Rogers sings and handles guitar on the ten original songs, with help from Julian Coryell, who produced and played all the other instruments except drums. The songs vary from steady rockers to quaint folk; “Rain” starts off quiet and pensive, about a love that “came in like a lion and poured out like a waterfall.” Then, perfect slide guitar riffs by Coryell join with picked figures to flesh out a beautiful arrangement. Rogers puts on her rock shoes for “Twenty-Three.” “I remember all those guys with Valvoline hair and Texaco eyes… Who cares if I’m dumb or smart,” which nails her younger days and establishes her undiminished way with a sharp lyric, as this highlight pounds the floorboards.

The pace lightens up with “Gravity,” which is a softer, keyboard-dominated ballad that is a bit overproduced, but still clicks with a message about all of us being in it together here in this life, on this planet — again, Rogers matches a simple, pleasant melody with some clever lyrical word craft. “Change” has an unusual but winning hook that builds on drum and keyboard interplay as Rogers is delivering her tale about how the only thing that she is sure of is uncertainty.
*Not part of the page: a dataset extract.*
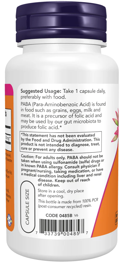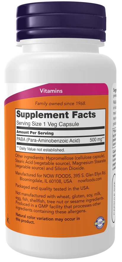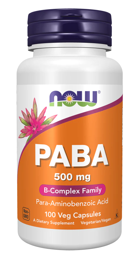PABA Capsules 500mg by NOW Foods delivers high-potency Para-Aminobenzoic Acid – part of the vitamin B-complex family – known for its role in skin health, tissue repair, and supporting folic acid metabolism in the gut. With 100 capsules per bottle, this supplement offers targeted support in daily doses that are both precise and convenient.
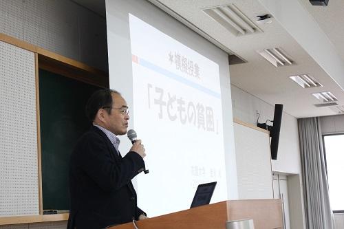 模擬授業では社会福祉学科 吉永 純教授が「子どもの貧困」をテーマに、パワーポイントや映像教材を使用して講義を展開しました。高校ではなかなか学ぶことのない社会的な問題をテーマにした内容ということで、大学ならではの講義を体験していただきました。

The only recording flubs on the disc are heard on “Eventually,” an otherwise solid pop-rocker that for whatever reason badly muffles Rogers’ vocal and gives the other instruments a muddy mix.

The title tune tries for a different ballad feel by isolating Rogers with piano and acoustic guitar to open, and the effort pays off as the variation gives the disc another dimension, registering as a lovely change of pace. The last track is often a spot left for filler tracks, but Rogers places a track that is a highlight and sleeper here: “Star Filled Canopy” has a rock groove, one of the most memorable hooks on the album, and again her lyrics shine. “The universe is big as it is wide/ Enough to hold every tear we’ve cried/ And every hope we ever hope to be.”

It took over two decades for Kimm Rogers to return to recording with Where the Pavement Grows, but the music is fresh and strong, with songs worth the wait.